**Try it**
Look through the listing below for the line with "انگشتر دستساز نقره" and the line with "يحتوي على 100%". Copy both, along with every line between them, exactly and with no pictures.

**Raw data**
+++

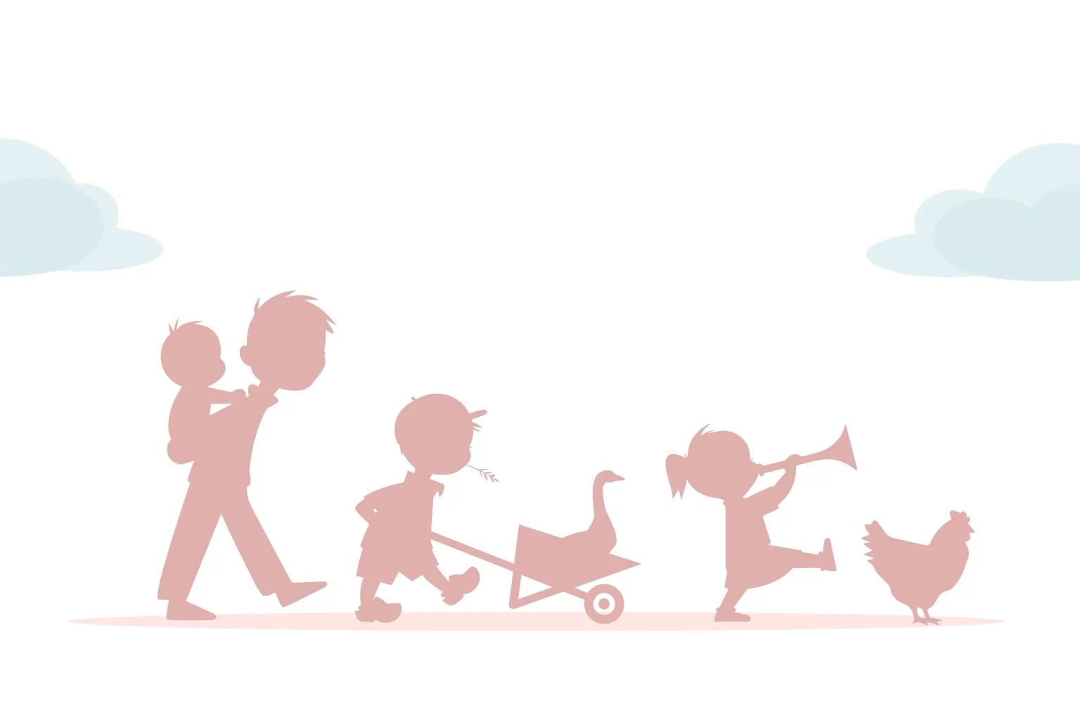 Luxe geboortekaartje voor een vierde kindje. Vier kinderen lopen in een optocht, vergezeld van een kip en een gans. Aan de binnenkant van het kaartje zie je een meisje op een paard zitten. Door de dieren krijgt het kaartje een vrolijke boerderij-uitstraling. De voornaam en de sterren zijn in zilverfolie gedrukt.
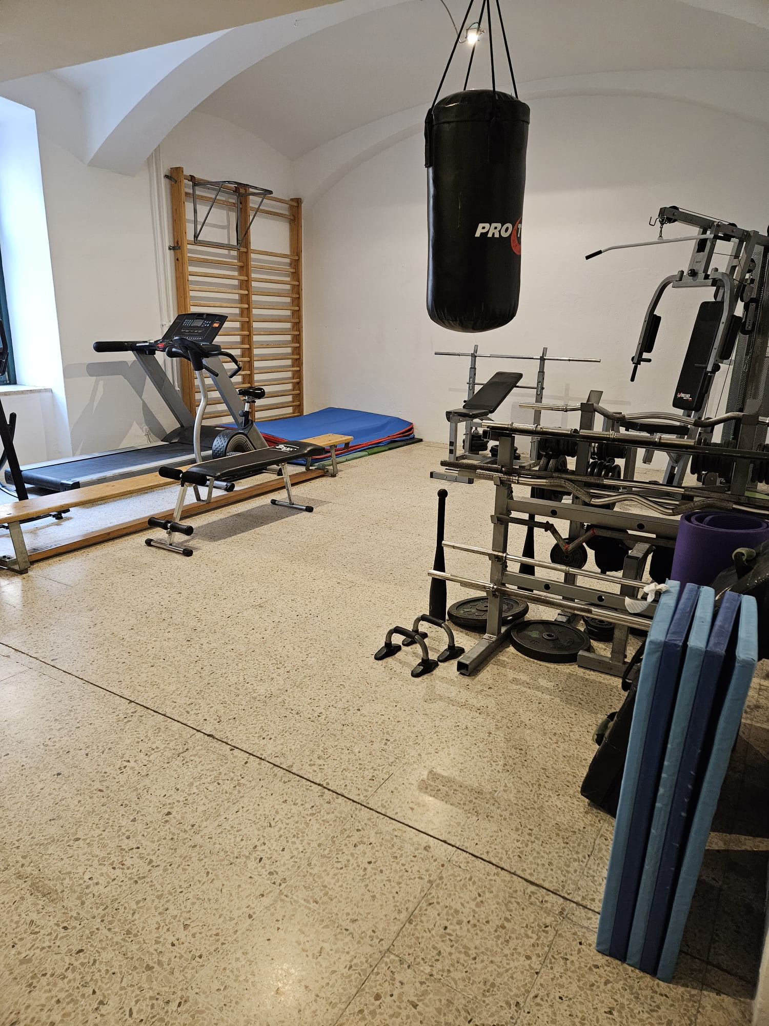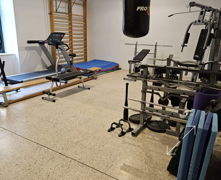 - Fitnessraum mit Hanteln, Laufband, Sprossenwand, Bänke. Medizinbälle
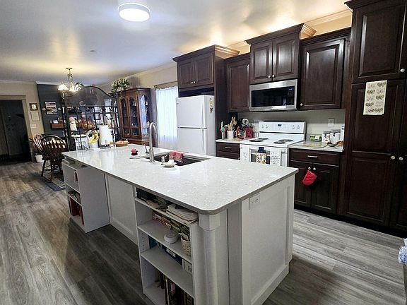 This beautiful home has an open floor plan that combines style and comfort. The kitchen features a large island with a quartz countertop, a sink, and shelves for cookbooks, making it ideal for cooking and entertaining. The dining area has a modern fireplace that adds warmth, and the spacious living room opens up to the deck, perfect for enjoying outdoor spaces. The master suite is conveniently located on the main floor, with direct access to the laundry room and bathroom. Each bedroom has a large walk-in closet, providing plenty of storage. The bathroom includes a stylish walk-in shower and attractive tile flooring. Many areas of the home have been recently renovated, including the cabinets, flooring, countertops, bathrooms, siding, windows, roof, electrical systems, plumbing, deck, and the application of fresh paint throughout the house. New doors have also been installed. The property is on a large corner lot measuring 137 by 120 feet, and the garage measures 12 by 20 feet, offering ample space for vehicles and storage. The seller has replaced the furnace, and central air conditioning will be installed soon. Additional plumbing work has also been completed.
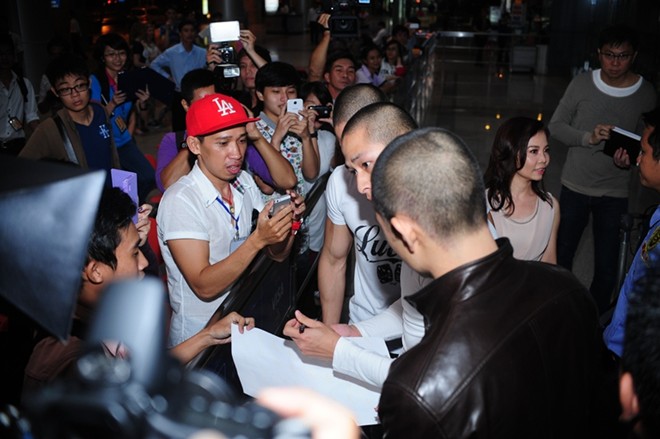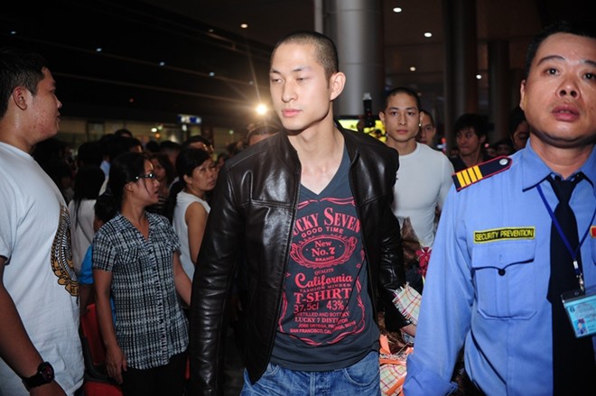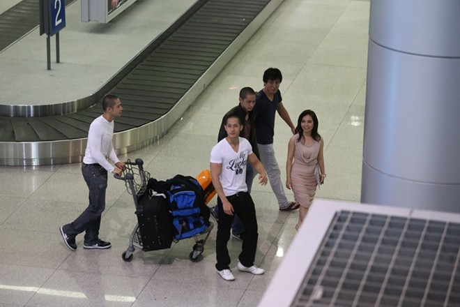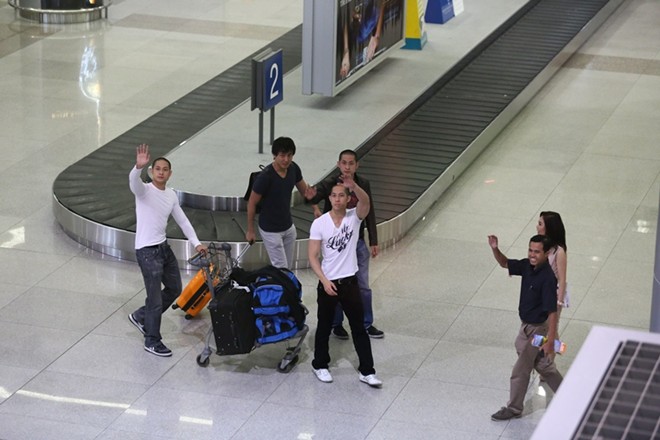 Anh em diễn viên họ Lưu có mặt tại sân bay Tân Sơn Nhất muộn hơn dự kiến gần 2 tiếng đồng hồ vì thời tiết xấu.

+++

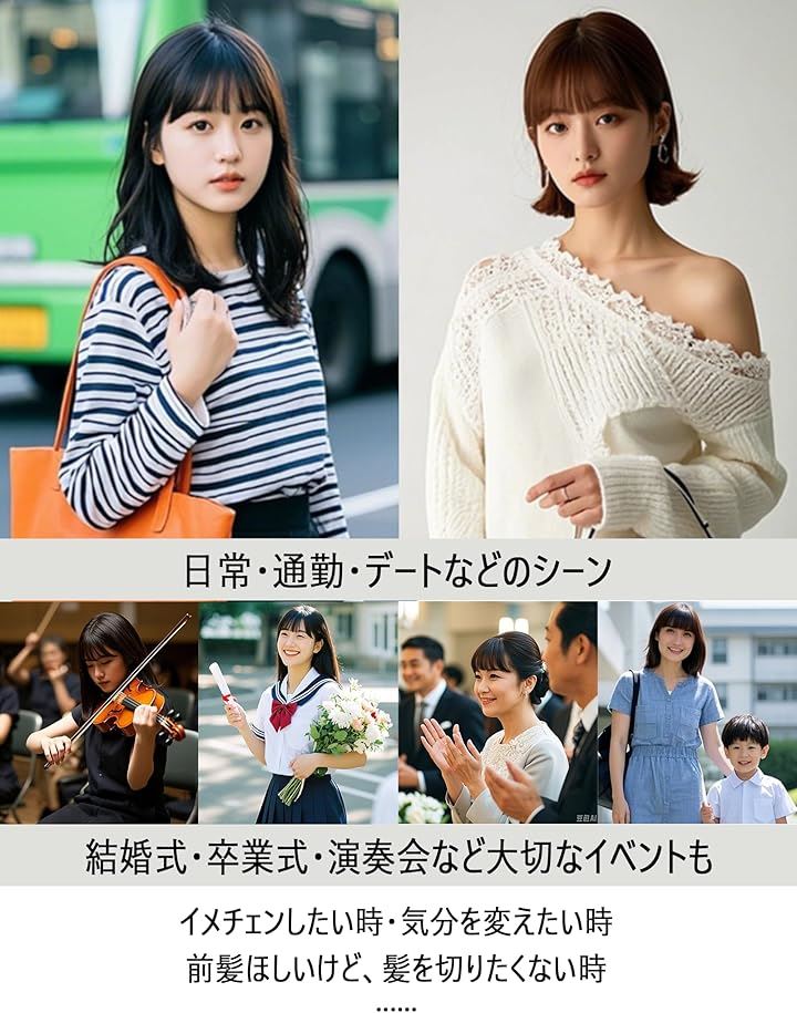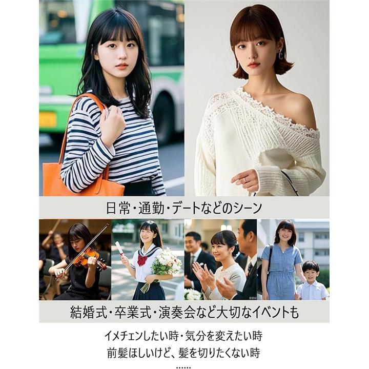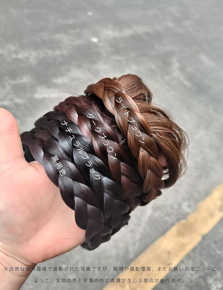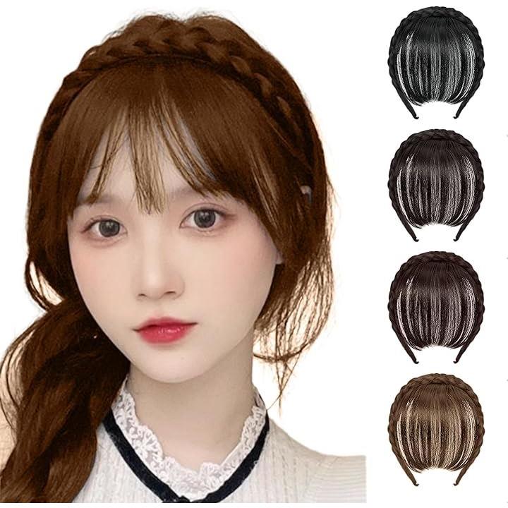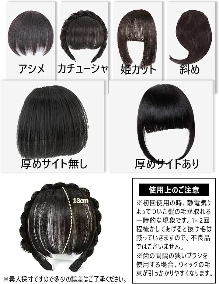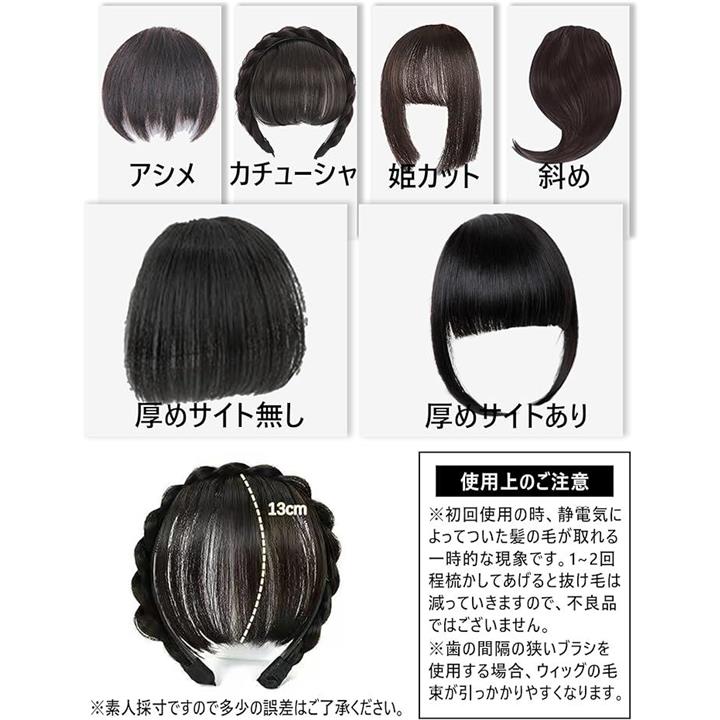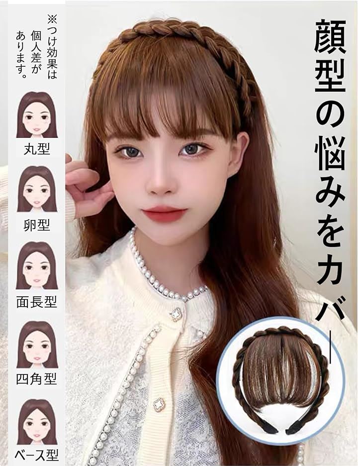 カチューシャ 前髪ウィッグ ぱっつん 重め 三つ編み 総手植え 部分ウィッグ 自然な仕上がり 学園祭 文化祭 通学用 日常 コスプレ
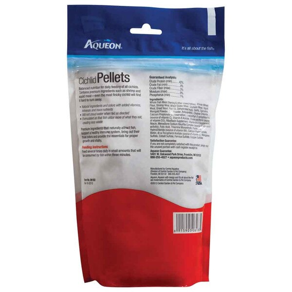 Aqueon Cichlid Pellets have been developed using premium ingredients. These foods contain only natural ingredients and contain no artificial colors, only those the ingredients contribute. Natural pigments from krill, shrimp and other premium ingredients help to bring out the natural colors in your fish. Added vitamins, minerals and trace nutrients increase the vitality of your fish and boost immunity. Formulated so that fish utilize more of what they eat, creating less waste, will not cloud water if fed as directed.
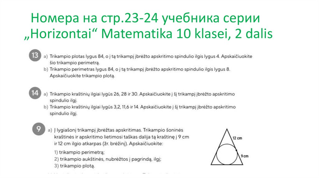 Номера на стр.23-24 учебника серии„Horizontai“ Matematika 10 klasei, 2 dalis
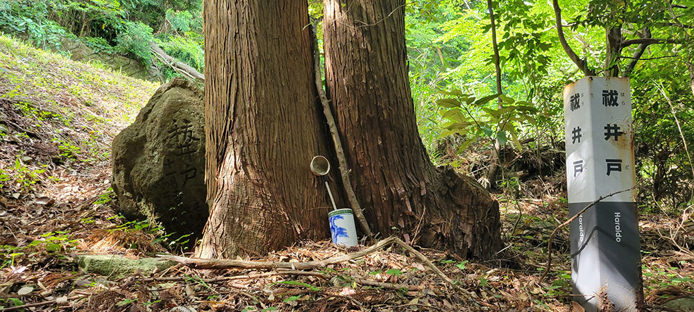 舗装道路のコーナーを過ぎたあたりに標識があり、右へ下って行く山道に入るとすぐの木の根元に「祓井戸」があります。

+++

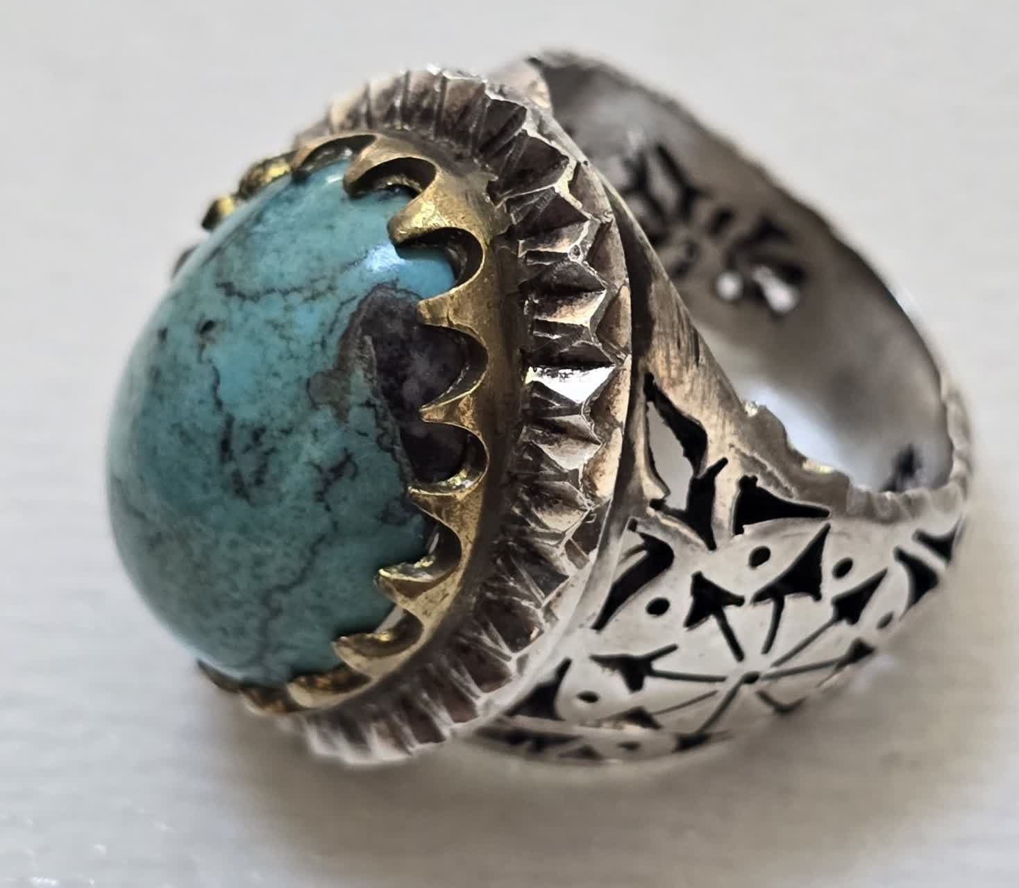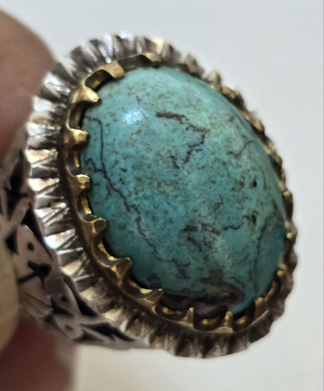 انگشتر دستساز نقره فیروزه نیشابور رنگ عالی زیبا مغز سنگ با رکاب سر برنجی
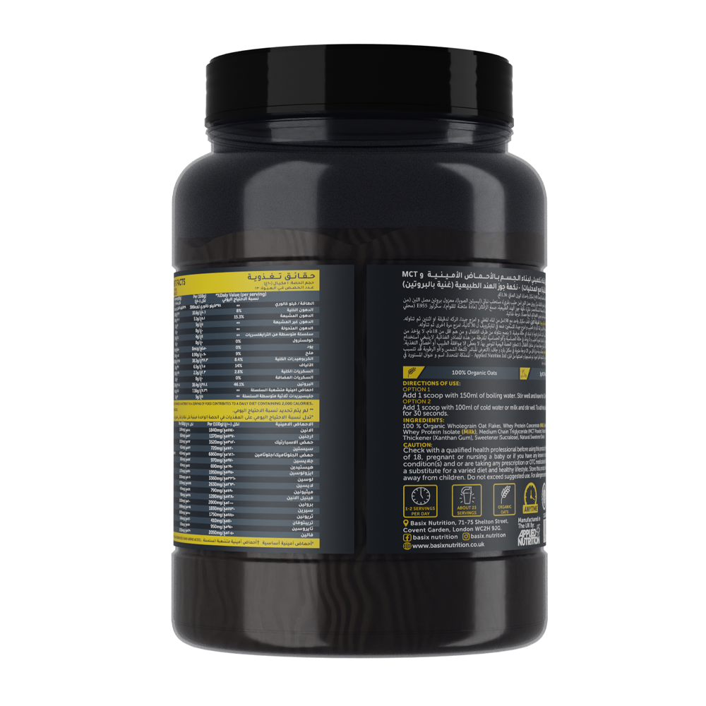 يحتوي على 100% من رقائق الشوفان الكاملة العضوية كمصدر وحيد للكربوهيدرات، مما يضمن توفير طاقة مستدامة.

+++

**Answer below**
 انگشتر دستساز نقره فیروزه نیشابور رنگ عالی زیبا مغز سنگ با رکاب سر برنجی
 يحتوي على 100% من رقائق الشوفان الكاملة العضوية كمصدر وحيد للكربوهيدرات، مما يضمن توفير طاقة مستدامة.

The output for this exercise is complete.